And, importantly, Aliwoli’s attorney had an opportunity to refute the prosecutor’s suggestion that a not guilty by reason of insanity verdict would allow Aliwoli to go free. Specifically, Aliwoli’s attorney argued to the jury, “don’t be misled by anyone telling you that he will walk out of that door if you find him not guilty by reason of insanity. That is not true.” Aliwoli’s attorney also told the jury that “these police officers as they sit right before you won’t be in danger of this man ever again.”
Finally, the weight of the evidence against Aliwoli was very convincing. Ali-woli admitted shooting the three police officers, but raised his mental state as a defense to the crime. Aliwoli had experts testify in support of his defense; however, there were several facts in the record indicating that Aliwoli acted calmly and deliberately. The jury could have reasonably inferred from these facts that Aliwoli was not insane when he committed this crime.
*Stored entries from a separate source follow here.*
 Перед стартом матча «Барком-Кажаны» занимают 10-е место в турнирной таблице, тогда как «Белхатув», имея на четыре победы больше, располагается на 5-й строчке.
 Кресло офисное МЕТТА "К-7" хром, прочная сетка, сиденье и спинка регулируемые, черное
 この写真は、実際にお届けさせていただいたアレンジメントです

Viewing Aliwoli’s trial as a whole, and considering the relevant factors, we hold that the prosecutor’s comments did not deprive Aliwoli of a fair trial. The district court correctly ruled that there was no constitutional violation when it rejected this argument. See Cunningham, 54 F.3d at 300-01; United States v. Greiser, 502 F.2d 1295, 1297-98 (9th Cir.1974); United States v. Tankersley, 492 F.2d 962, 968 (7th Cir.1974).
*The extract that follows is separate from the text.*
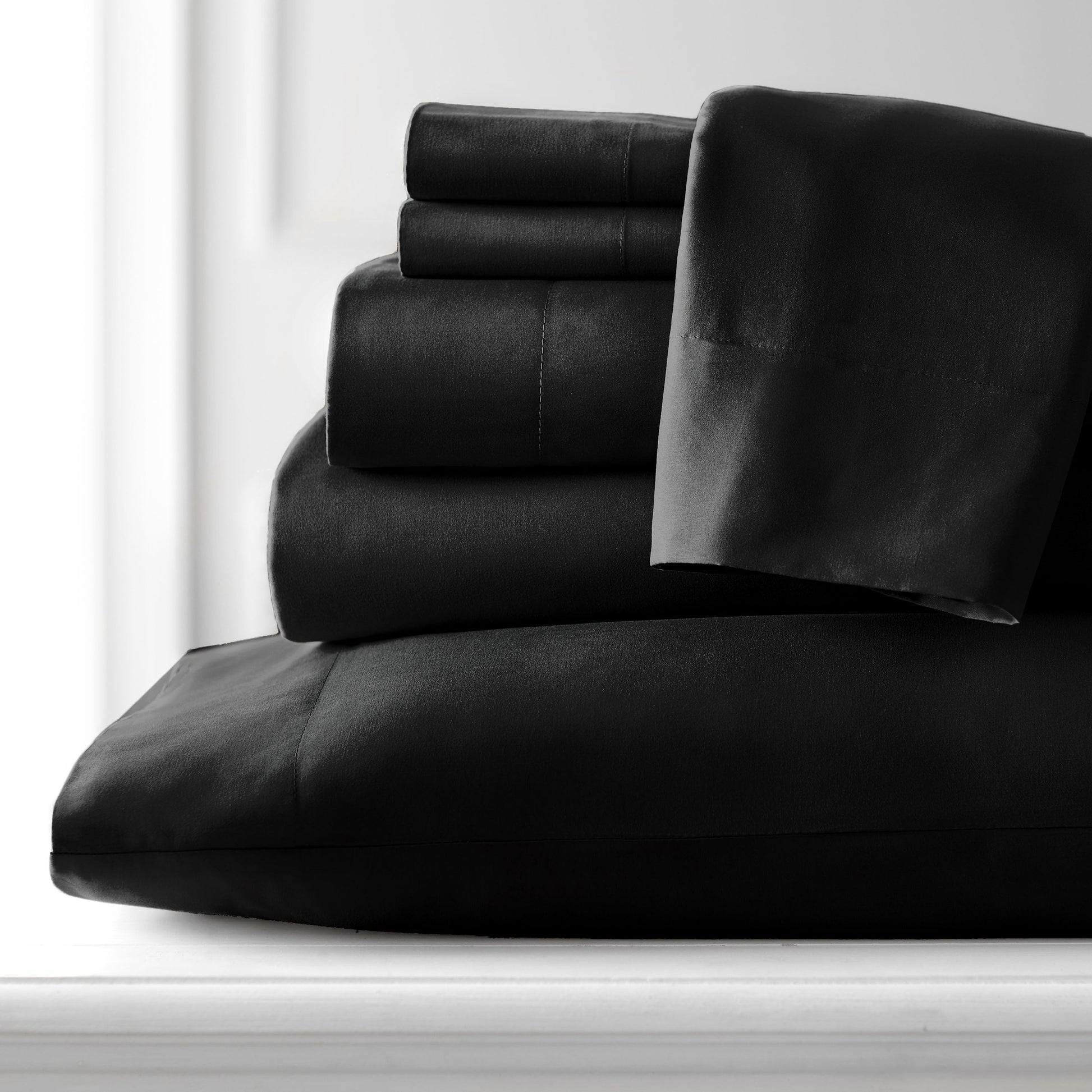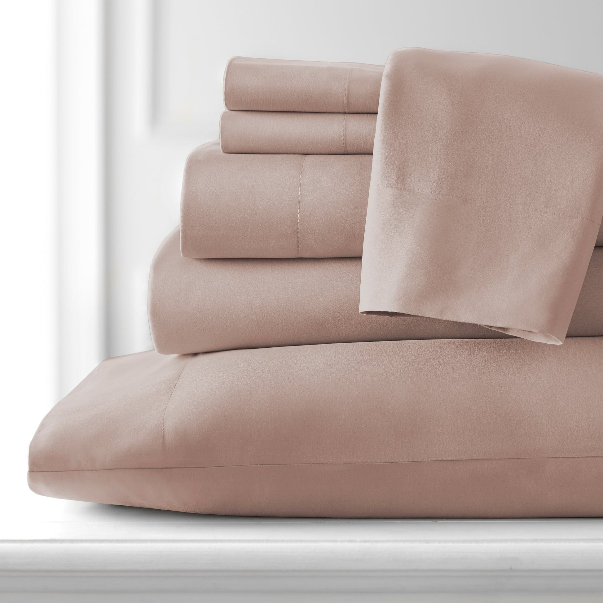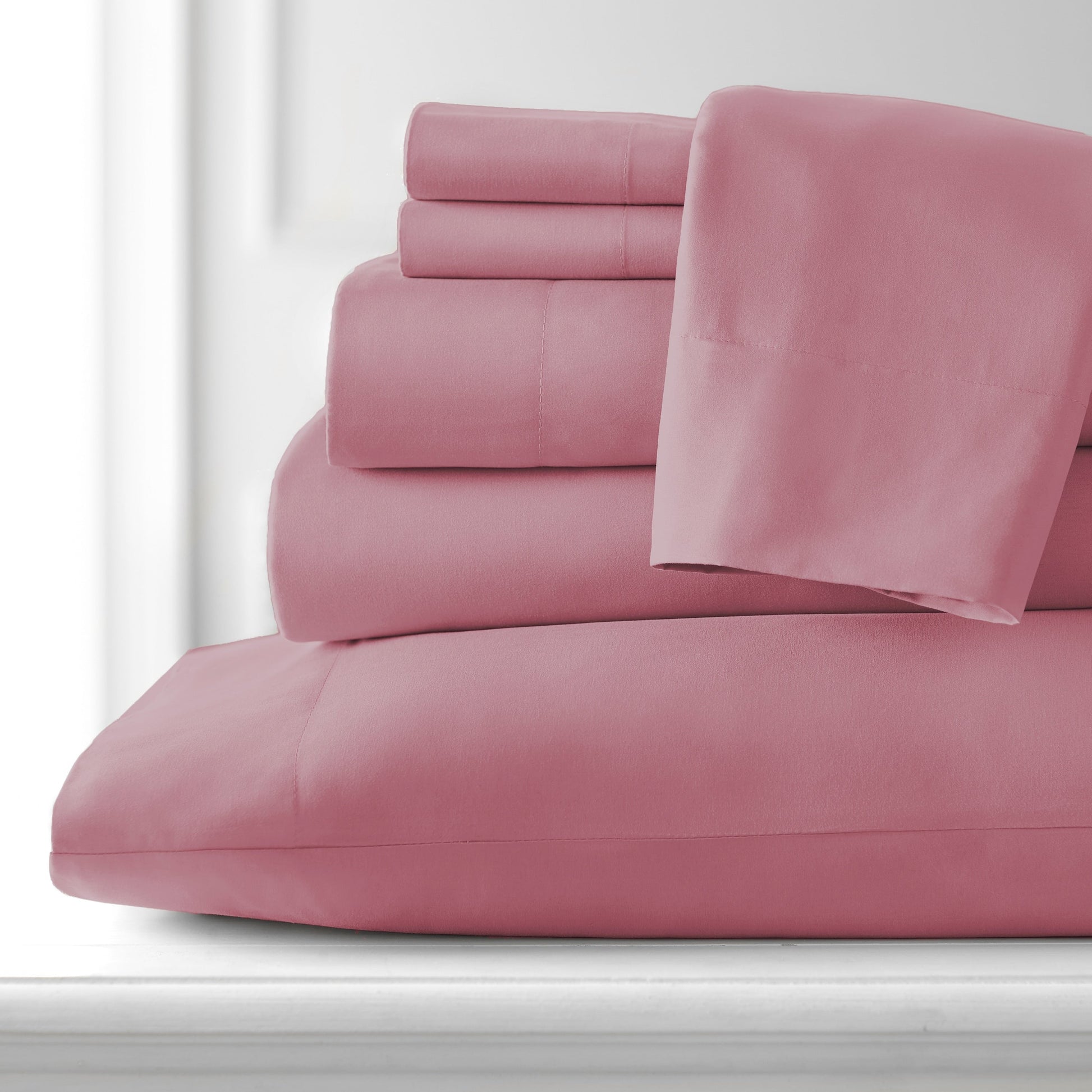 - 7-piece set includes: 1 flat sheet, 2 fully elasticized fitted 16-inch deep pocket sheet, and 4 pillowcases

Aliwoli next claims that he was denied due process during his trial because the prosecutor questioned witnesses about his religious beliefs as a black Muslim. The prosecution apparently sought to establish that Aliwoli’s membership in the black Muslim faith gave him a motive to shoot the three police officers. For example, the State cross-examined two of Aliwo-li’s expert witnesses by asking whether
“There is no place in a criminal prosecution for gratuitous references to race ... Elementary concepts of equal protection and due process alike forbid a prosecutor to seek to procure a verdict on the basis of racial animosity.” Smith v. Farley, 59 F.3d 659, 663 (7th Cir.1995). The Constitution “prohibits a prosecutor from making race-conscious arguments since it draws the jury’s attention to a characteristic that the Constitution generally demands that the jury ignore.” United States v. Hernandez, 865 F.2d 925, 928 (7th Cir.1989). Like any charge of prosecutorial misconduct, we first view the statements to determine whether they were improper. If they were inappropriate, we view the record as a whole and consider whether they deprived the defendant of a fair trial. Id. at 927.
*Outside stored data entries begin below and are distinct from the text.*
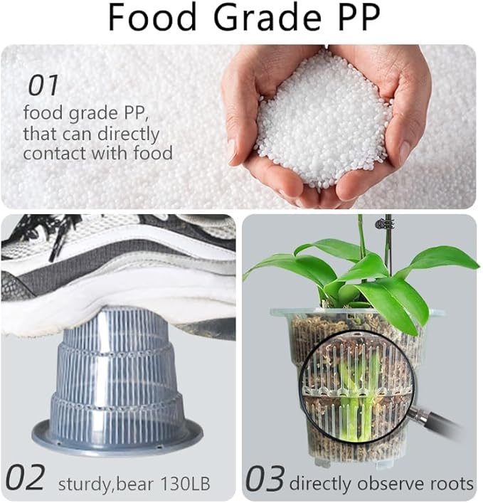 - Excellent Ventilation and Drainage,Avoid Root Getting Bad: 360° ventilation holes around the transparent orchid pot provide excellent ventilation and drainage,avoid root getting bad; the raised centre of the clear orchid pot, is our Patent “Air Cone",greatly increase the ventilation area of central part of roots;air cone also have grooves and holes, also develop more strong lateral roots inside the clear orchid pots.The bottom of outer pot also has ventilation holes to form good air circulation.
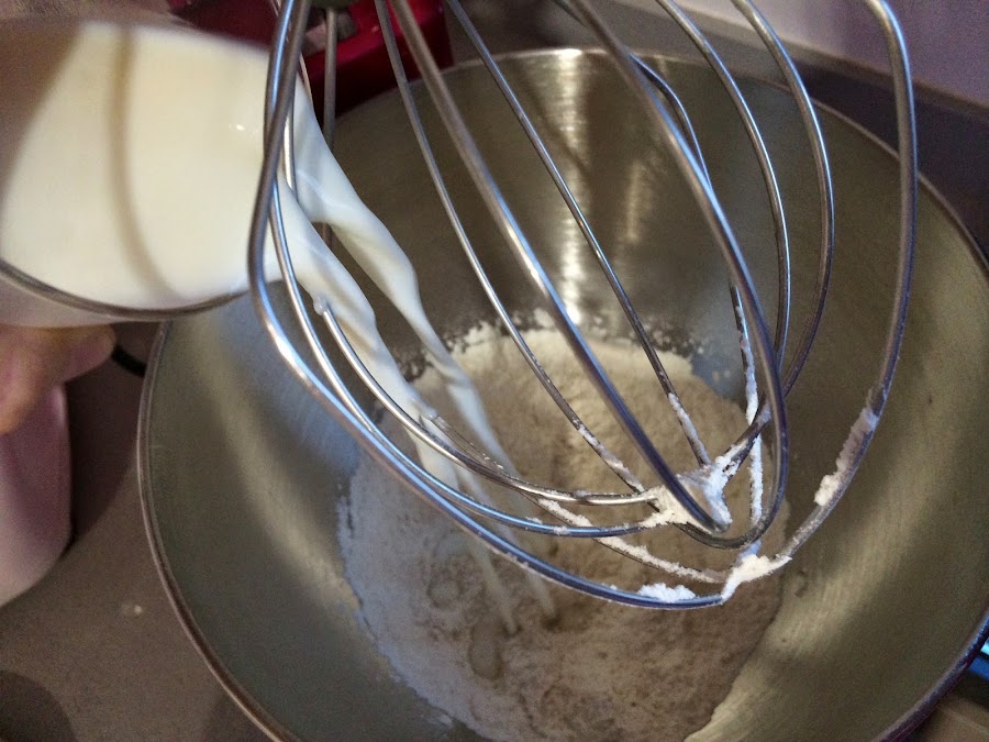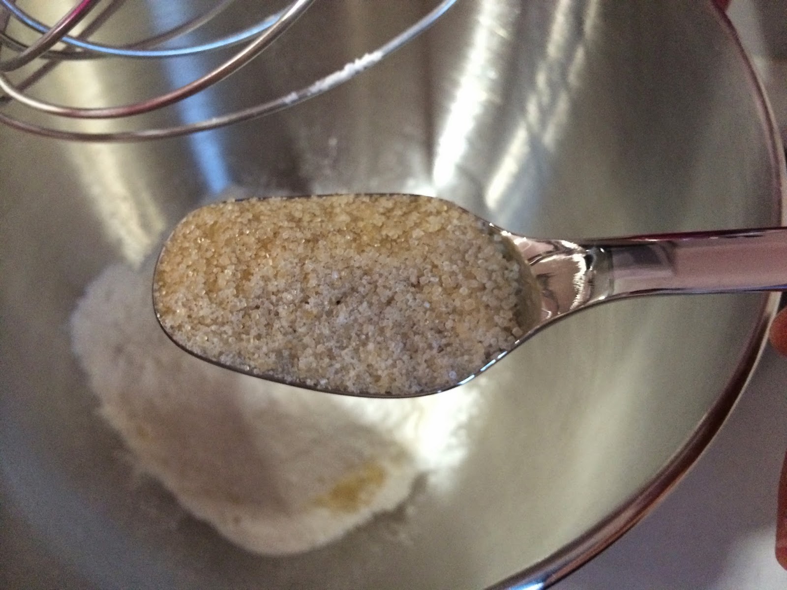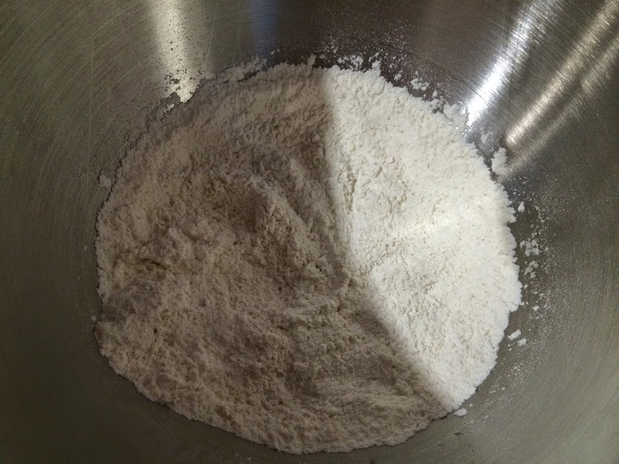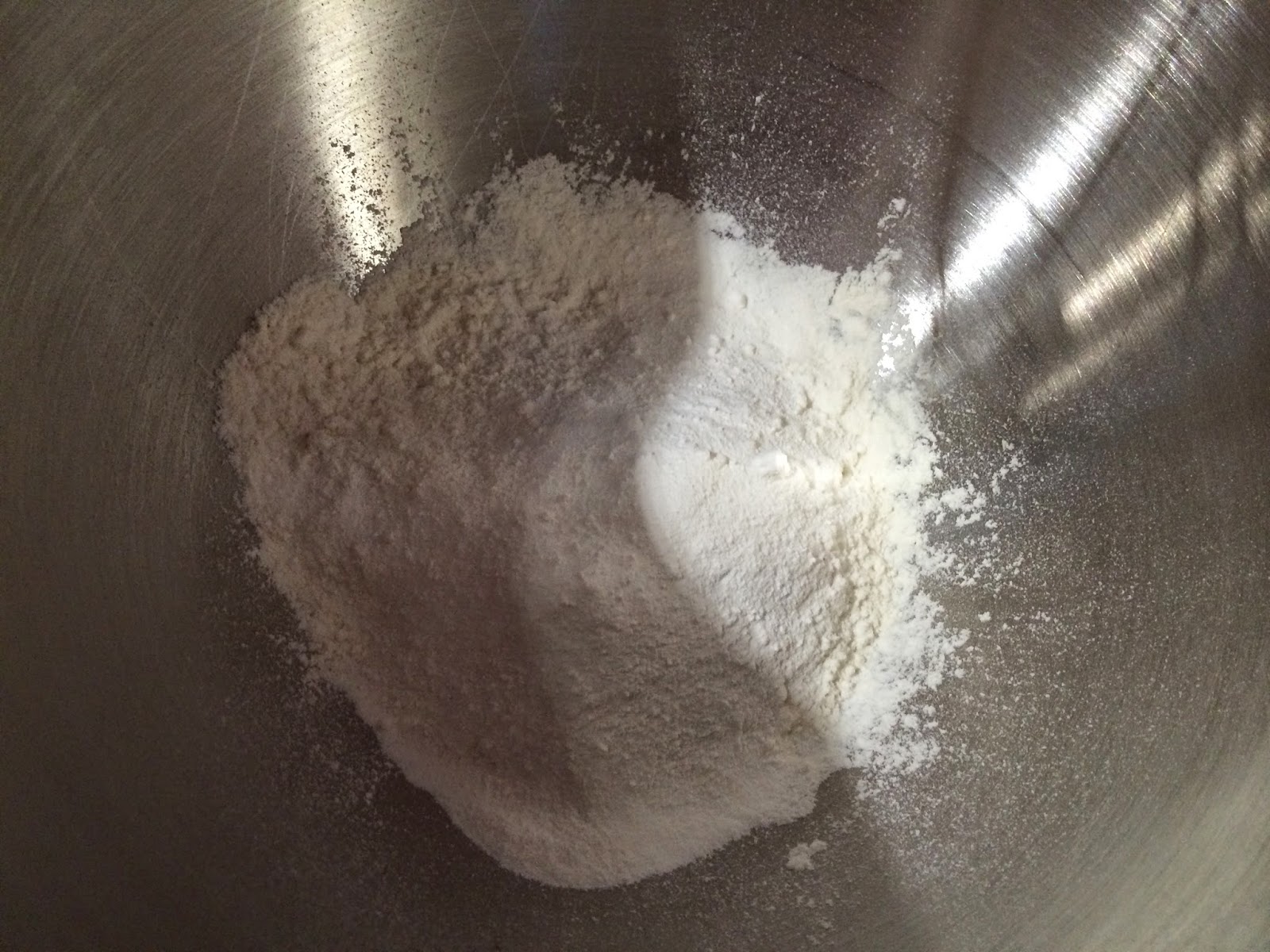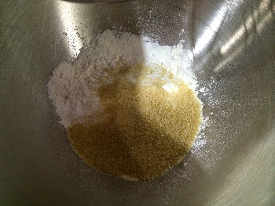 1. Ponemos en el bol de KA la harina de trigo. Añadimos el sobre de levadura royal y el azúcar de caña. Mezclamos bien los 3 ingredientes.
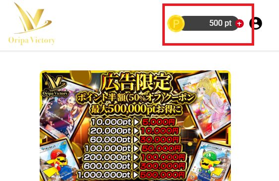 オリパビクトリーは100pt前後のオリパもあるため、まずは無課金でガチャることができます

We find no constitutional error in the prosecutor’s questions. As a general rule, a racial remark is improper if it is “intentionally injected into volatile proceedings where the prosecutor had targeted the defendant’s ethnic origin for emphasis in an attempt to appeal to the jury’s prejudices.” Hernandez, 865 F.2d at 928. It is apparent from the context of the prosecutor’s questions that the references to Aliwoli’s membership in the black Muslim faith were only meant to show that Aliwoli had a motive for shooting the police officers. In other words, the questions were clearly intended to rebut Aliwoli’s insanity defense. Because the questions about Aliwoli’s beliefs as a black Muslim focused solely on his state of mind and potential motive for the shootings, they were not improper. Although the questions mentioned Aliwoli’s race and religion, none of them can be reasonably viewed as attempting to arouse jury prejudice towards blacks or Muslims. In short, there is no evidence that these comments were intended to play upon the prejudices of the jury. See Hernandez, 865 F.2d at 928.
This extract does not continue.